Но дело не только в этом, дело в том, что будет, как я уже говорил только что, что будет с этими правилами, которые привели их в это положение. Вроде есть какие-то шансы, мы видим уже и принятые изменения в разного рода регламентах, и много ходит слухов обо всяких законопроектах, которые вроде бы появляются, о том, что наиболее абсурдные, наиболее одиозные нормы здесь будут изменены. Будет изменена, скажем, норма об обязательных конкурентных конкурсных закупках в тех случаях, когда речь идет о единственном поставщике так называемом. Ну нет больше дирижера, который может управлять этим оркестром, ну нет, он есть один и бессмысленно искать ему конкурента. Ну нет человека, который взялся бы поставить фильм по этому сценарию, вот есть вот этот один. Нет художника, который готов написать и хочет написать вот эту картину, есть вот этот один, и устраивать конкурс между художниками в данном случае — это какой-то балаган.

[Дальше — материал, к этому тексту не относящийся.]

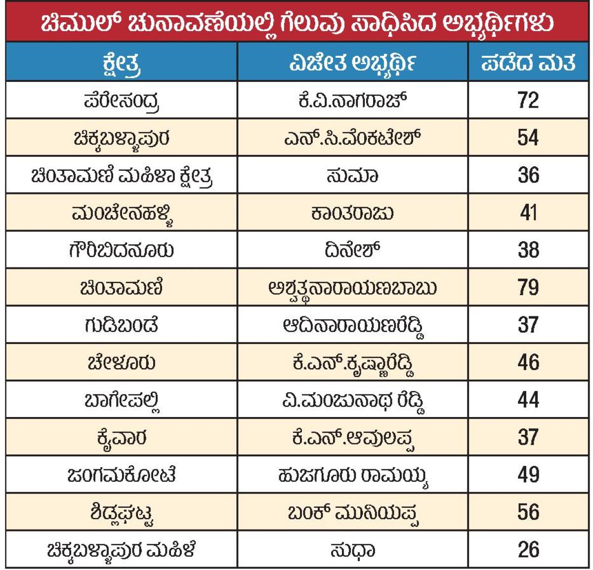 <p><strong>ಚಿಕ್ಕಬಳ್ಳಾಪುರ</strong>: ಚಿಕ್ಕಬಳ್ಳಾಪುರ ಹಾಲು ಒಕ್ಕೂಟದ (ಚಿಮುಲ್) ಚುನಾವಣಾ ಫಲಿತಾಂಶ ಅತಂತ್ರವಾಗಿದೆ. ಅಧಿಕಾರ ಹಿಡಿಯಲು ಕಾಂಗ್ರೆಸ್ ಪಕ್ಷವು ನಾಮನಿರ್ದೇಶಿತ ಮತ್ತು ಕೆಎಚ್ಪಿ ಬಣದ ನಿರ್ದೇಶಕರ ಮೊರೆ ಹೋಗುವ ಸಾಧ್ಯತೆ ಇದೆ.</p>.<p>ಭಾನುವಾರ ಒಕ್ಕೂಟಕ್ಕೆ ಚುನಾವಣೆ ನಡೆಯಿತು. ಬೆಳಿಗ್ಗೆ 9ರಿಂದ ಸಂಜೆ 4ರವರೆಗೆ ಮತದಾನ ನಡೆಯಿತು. ಸಂಜೆಯ ವೇಳೆಗೆ ಫಲಿತಾಂಶ ಪ್ರಕಟವಾಯಿತು. ಒಟ್ಟು 13 ಕ್ಷೇತ್ರಗಳ ಪೈಕಿ ಕಾಂಗ್ರೆಸ್ ಬೆಂಬಲಿತ ಆರು, ಬಿಜೆಪಿ ಜೆಡಿಎಸ್ ಮೈತ್ರಿಕೂಟ ಬೆಂಬಲಿತ ಐದು ಮತ್ತು ಪಕ್ಷೇತರ ಶಾಸಕ ಕೆ.ಎಚ್.ಪುಟ್ಟಸ್ವಾಮಿಗೌಡ ಬೆಂಬಲಿತ (ಕೆಎಚ್ಪಿ ಬಣ) ಇಬ್ಬರು ಅಭ್ಯರ್ಥಿಗಳು ಗೆಲುವು ಸಾಧಿಸಿದರು.</p>.<p>ಪೆರೇಸಂದ್ರ, ಶಿಡ್ಲಘಟ್ಟ, ಜಂಗಮಕೋಟೆ, ಚೇಳೂರು, ಕೈವಾರದಲ್ಲಿ ಬಿಜೆಪಿ ಮತ್ತು ಜೆಡಿಎಸ್ ಬೆಂಬಲಿತ ಎನ್ಡಿಎ ಅಭ್ಯರ್ಥಿಗಳು, ಚಿಕ್ಕಬಳ್ಳಾಪುರ ಮಹಿಳಾ ಕ್ಷೇತ್ರ, ಮಂಚೇನಹಳ್ಳಿಯಲ್ಲಿ ಕೆೆಎಚ್ಪಿ ಬಣ ಮತ್ತು ಚಿಕ್ಕಬಳ್ಳಾಪುರ, ಗುಡಿಬಂಡೆ, ಬಾಗೇಪಲ್ಲಿ, ಚಿಂತಾಮಣಿ, ಗೌರಿಬಿದನೂರು ಮತ್ತು ಚಿಂತಾಮಣಿ ಮಹಿಳಾ ಕ್ಷೇತ್ರದಲ್ಲಿ ಕಾಂಗ್ರೆಸ್ ಬೆಂಬಲಿತ ನಿರ್ದೇಶಕರು ಆಯ್ಕೆಯಾದರು.</p>.<p>ಕಾಂಗ್ರೆಸ್ ಸರ್ಕಾರ ಬೆಂಬಲಿಸಿರುವ ಗೌರಿಬಿದನೂರಿನ ಪಕ್ಷೇತರ ಶಾಸಕ ಕೆ.ಎಚ್.ಪುಟ್ಟಸ್ವಾಮಿಗೌಡ ಅವರ ನಿಲುವಿನತ್ತ ಚಿತ್ತವಿದೆ. ಸರ್ಕಾರಕ್ಕೆ ಬೆಂಬಲ ನೀಡಿರುವ ಕಾರಣ ಅವರು ಚಿಮುಲ್ನಲ್ಲಿ ಕಾಂಗ್ರೆಸ್ ಪರವಾಗಿ ನಿಲ್ಲುವ ಸಾಧ್ಯತೆ ಇದೆ ಎನ್ನಲಾಗುತ್ತಿದೆ. ಚಿಮುಲ್ ಚುನಾವಣೆಯು ಒಂದೊಂದು ಕ್ಷೇತ್ರದಲ್ಲಿ ಒಂದೊಂದು ಲೆಕ್ಕಾಚಾರಕ್ಕೆ ಕಾರಣವಾಗಿದೆ.</p>.<p>ಮತ ಎಣಿಕೆ ಪೂರ್ಣಗೊಳಿಸಿ ಕೇಂದ್ರದಿಂದ ಹೊರ ಬರುತ್ತಿದ್ದಂತೆಯೇ ವಿಜೇತರ ಬೆಂಬಲಿಗರು ತಮ್ಮ ನಾಯಕನನ್ನು ಹೊತ್ತು ಬಿಬಿ ರಸ್ತೆಯಲ್ಲಿ ಮೆರವಣಿಗೆ ನಡೆಸಿದರು. ಜಯಕಾರ ಹಾಕಿದರು.</p>.<h2>ಬಿರುಸಿನ ಮತದಾನ: </h2><p>ನಗರದ ಸರ್ಕಾರಿ ಪದವಿ ಪೂರ್ವ ಕಾಲೇಜಿನಲ್ಲಿ ಭಾನುವಾರ ಬೆಳಿಗ್ಗೆ 9ರಿಂದ ಸಂಜೆ 4ರವರೆಗೆ ಮತದಾನ ನಡೆಯಿತು. 13 ಕ್ಷೇತ್ರಗಳಿಂದ ಒಟ್ಟು 952 ಮತದಾರರು ಇದ್ದು 951 ಮತಗಳು ಚಲಾವಣೆಯಾದವು. ಕಾಲೇಜು ಮುಂಭಾಗದ ಹಾದು ಹೋಗಿರುವ ಬಿಬಿ ರಸ್ತೆಯಲ್ಲಿ ಬೆಳಿಗ್ಗೆಯಿಂದ ಸಂಜೆಯವರೆಗೆ ಭಾರಿ ಸಂಖ್ಯೆಯಲ್ಲಿ ಕಾಂಗ್ರೆಸ್, ಬಿಜೆಪಿ, ಜೆಡಿಎಸ್ ಕಾರ್ಯಕರ್ತರು, ಮುಖಂಡರು ಸೇರಿದ್ದರು. ಅಭ್ಯರ್ಥಿಗಳು ಬಸ್ಗಳಲ್ಲಿ ಡೆಲಿಗೇಟ್ಗಳನ್ನು ಮತದಾನ ಕೇಂದ್ರಕ್ಕೆ ಕರೆ ತಂದರು. </p>.<h2> ಐದು ಸ್ಥಾನ ನಾಮನಿರ್ದೇಶನ </h2><h2></h2><p>ಸರ್ಕಾರದ ನಾಮನಿರ್ದೇಶಕರು ಎನ್ಡಿಡಿಬಿ ಪ್ರತಿನಿಧಿ ಕೆಎಂಎಫ್ ಪ್ರತಿನಿಧಿ ಒಕ್ಕೂಟದ ವ್ಯವಸ್ಥಾಪಕ ನಿರ್ದೇಶಕರು ಪಶುಸಂಗೋಪನಾ ಇಲಾಖೆ ಮತ್ತು ಸಹಕಾರ ಇಲಾಖೆಯ ಪ್ರತಿನಿಧಿಯು ಚಿಮುಲ್ ನಿರ್ದೇಶಕರಾಗುತ್ತಾರೆ. ಈ ಮೂಲಕ ಚಿಕ್ಕಬಳ್ಳಾಪುರ ಒಕ್ಕೂಟವು 18 ನಿರ್ದೇಶಕರನ್ನು ಹೊಂದಲಿದೆ. ಕಾಂಗ್ರೆಸ್ ಸರ್ಕಾರವೇ ಅಧಿಕಾರದಲ್ಲಿರುವ ಕಾರಣ ನಾಮನಿರ್ದೇಶಿತ ಐದು ಸ್ಥಾನಗಳು ಕಾಂಗ್ರೆಸ್ ಪರವಾಗಿರಲಿವೆ. ಈ ಎಲ್ಲ ಲೆಕ್ಕಾಚಾರದಲ್ಲಿ ಕಾಂಗ್ರೆಸ್ ಬೆಂಬಲಿತರು ಅಧಿಕಾರ ಹಿಡಿಯುವ ಸಾಧ್ಯತೆ ಇದೆ.</p>.<h2> ಪ್ರದೀಪ್ ಈಶ್ವರ್ ವಿರುದ್ಧ ಆಕ್ರೋಶ </h2><p>ಚಿಕ್ಕಬಳ್ಳಾಪುರ ವಿಧಾನಸಭಾ ಕ್ಷೇತ್ರ ವ್ಯಾಪ್ತಿಯ ಚಿಕ್ಕಬಳ್ಳಾಪುರ ಕ್ಷೇತ್ರದಲ್ಲಿ ಕಾಂಗ್ರೆಸ್ ಮತ್ತು ಪೆರೇಸಂದ್ರದಲ್ಲಿ ಬಿಜೆಪಿ ಬೆಂಬಲಿತ ಅಭ್ಯರ್ಥಿ ಗೆಲುವು ಸಾಧಿಸಿದ್ದಾರೆ. ಫಲಿತಾಂಶ ಹೊರ ಬೀಳುತ್ತಲೆ ಹೊರಬಂದ ಪೆರೇಸ

Вот такого рода вещи могут быть изменены.

Многое, что связано с оценками, потому что действительно совершенно не количеством купленных билетов на выставку определяется успех или не успех той или иной живописи и так далее, тут нужны совершенно другие формы оценки результата и так далее. Так что, да, здесь этот шанс существует, и я бы сказал, что здесь, и в этом тоже, общественное мнение, по всей видимости, сыграло какую-то роль, хотя бы потому, что у тех депутатов, которые сейчас формально вносят такого рода законопроекты, у них есть проблема репутации. Их репутация очень плохая, и им надо как-то с этим справляться, им нужно каким-то образом подмигивать окружающей публике и делать вид, что вот мы на самом деле совсем не такие чудовища, как вы о нас думаете. Хотя в действительности, конечно, они чудовища.

В случае с Калви, нет. В случае с Калви мне кажется, что это не означает никакой оттепели, никакого изменения правил игры и так далее. Правила игры остаются ровно те же, правила игры заключаются в революционной целесообразности. Да, вообще-то нельзя, но в данном конкретном случае очень надо, поэтому можно. И то что, скажем, говорил Путин по поводу дела Калви, когда он людям, которые к нему обращались и спрашивали у него, в чем дело, и почему в данном случае нарушается прямая норма закона о том, что нельзя содержать под стражей людей, который обвиняются в так сказать, хозяйственных преступлениях, на это Путин отвечал, вы вот дела не видели, вы не знаете, как там все серьезно.

ФСБ знает лучше, там была такая формулировка, ФСБ виднее.

А какая разница, там серьезно или там несерьезно, какая разница, что знает ФСБ по этому поводу? Правила существуют или правила не существуют в данном случае?Причем тут речь идет действительно не о нарушении инструкции, а о нарушении закона. Вот эта вот штука, которая запрещает коммерсанта отправлять под арест, в случае коммерческих обвинений, — это закон. А история про то, что нужно тем или иным образом отчитываться, вот в такой именно форме или в такие именно сроки за государственные гранты, это не закон, а инструкция.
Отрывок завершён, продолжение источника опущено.